__EXERCISE OBJECTIVE__:
Output the whole listing below exactly, omitting the images.

__DATA SHOWN__:
● ● ● ● ● ● ●

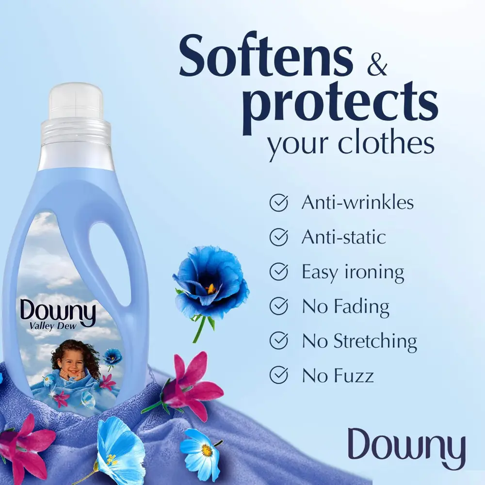 DOWNY VALLEY DEW BLUE REGULAR FABRIC SOFTENER 2 L This is a liquid fabric softener used after washing clothes. It helps make clothes feel softer and smoother. Leaves a light fresh “cool breeze” type fragrance on fabrics. Helps reduce wrinkles and makes ironing easier. Suitable for everyday clothes, towels, and bed sheets.
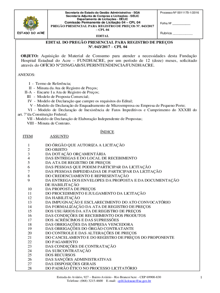 Secretariat de Estado the Gusto Administrative SGA Secretariat Ad junta DE Cameras e Lucites RELIC Department de Licitaes DELICESTADO DO ACREComisso Permanent de Licitao 04 CPL 04 PRESO PRESENCE PARA
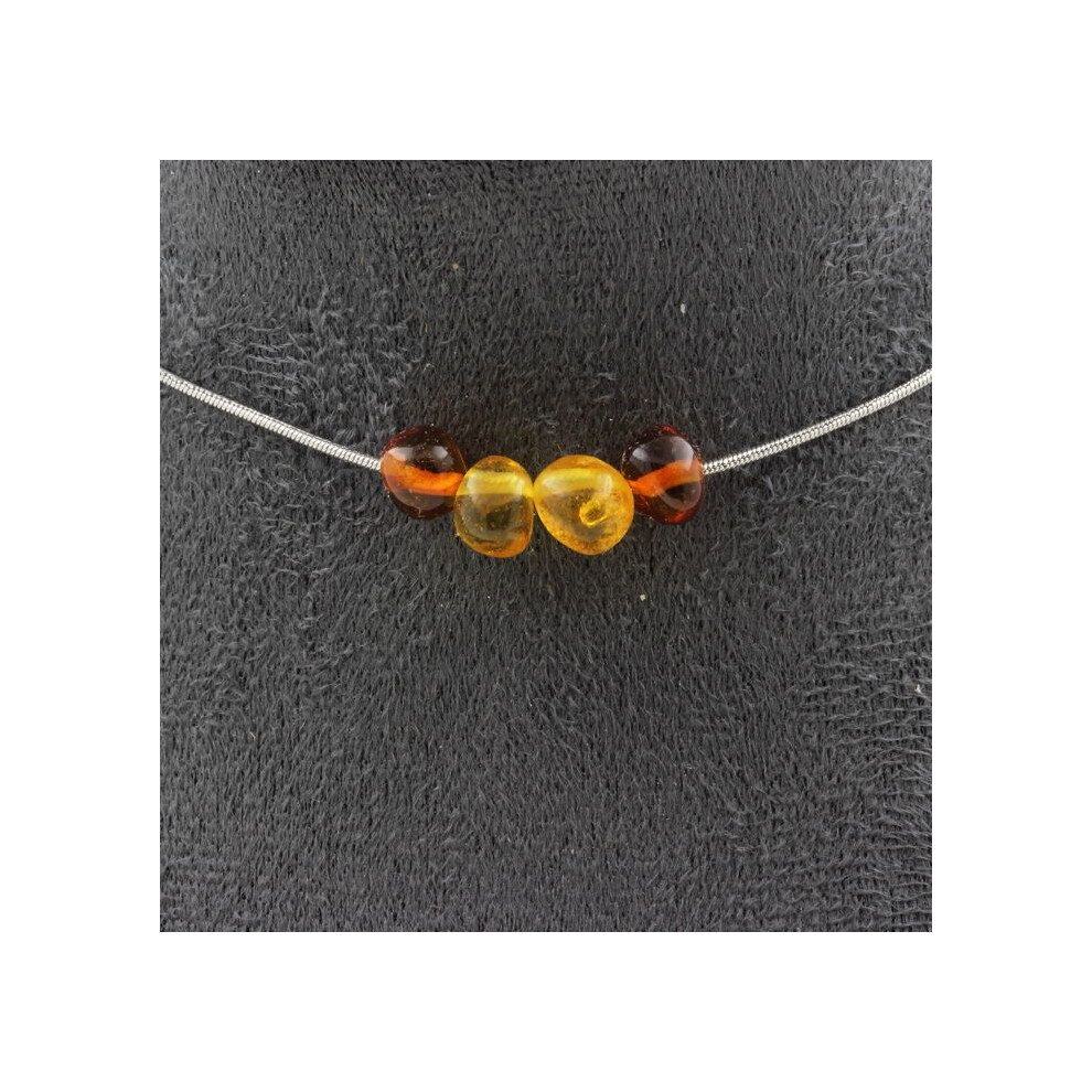 Necklace - A Bijoux - Genuine amber - 4 beads - Stainless steel - Length 45 cm
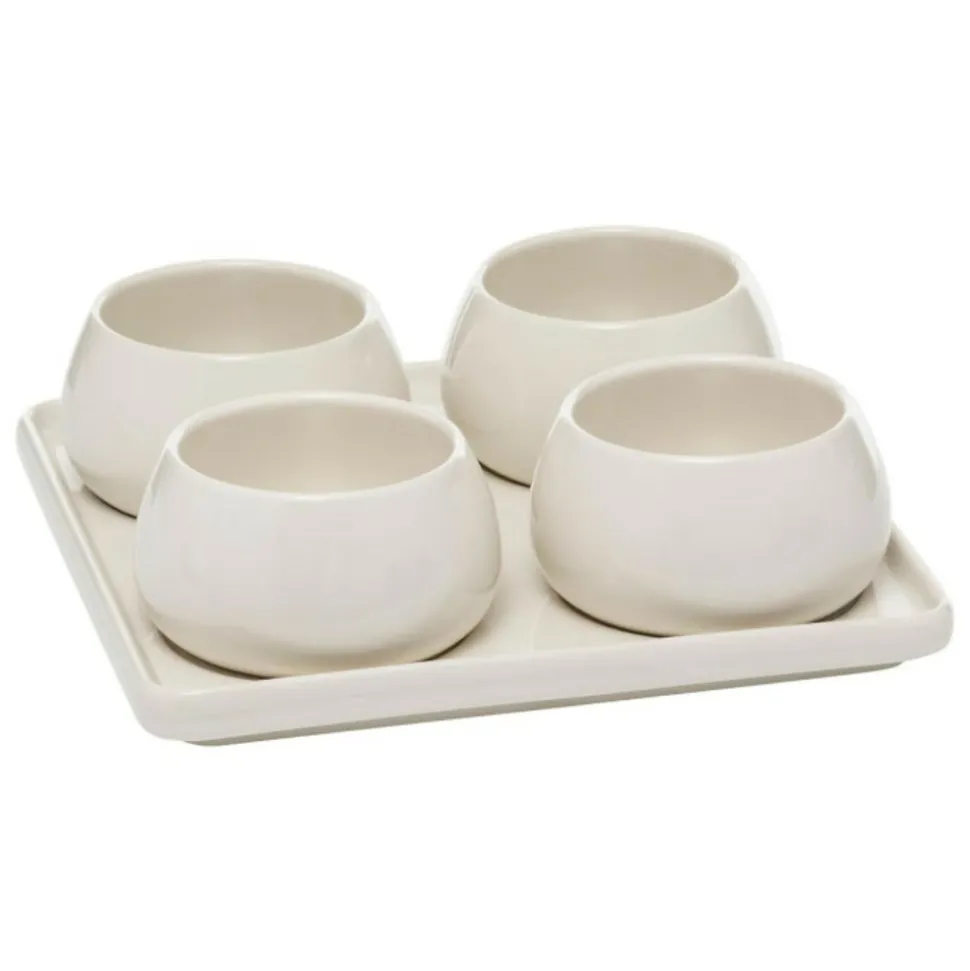 Dimensions : D. 21 x H. 6,8 cmMatière : GrèsSpécificités :Élégant & UtileService apéritif 5 piècesCompatible lave-vaisselle et micro-ondesContient :4 x ramequins ronds1 x plateau carréPoids : 1,34 kgCouleur : Blanc

● ● ● ● ● ● ●

__COMPLETED TASK__:
 DOWNY VALLEY DEW BLUE REGULAR FABRIC SOFTENER 2 L This is a liquid fabric softener used after washing clothes. It helps make clothes feel softer and smoother. Leaves a light fresh “cool breeze” type fragrance on fabrics. Helps reduce wrinkles and makes ironing easier. Suitable for everyday clothes, towels, and bed sheets.
 Secretariat de Estado the Gusto Administrative SGA Secretariat Ad junta DE Cameras e Lucites RELIC Department de Licitaes DELICESTADO DO ACREComisso Permanent de Licitao 04 CPL 04 PRESO PRESENCE PARA
 Necklace - A Bijoux - Genuine amber - 4 beads - Stainless steel - Length 45 cm
 Dimensions : D. 21 x H. 6,8 cmMatière : GrèsSpécificités :Élégant & UtileService apéritif 5 piècesCompatible lave-vaisselle et micro-ondesContient :4 x ramequins ronds1 x plateau carréPoids : 1,34 kgCouleur : Blanc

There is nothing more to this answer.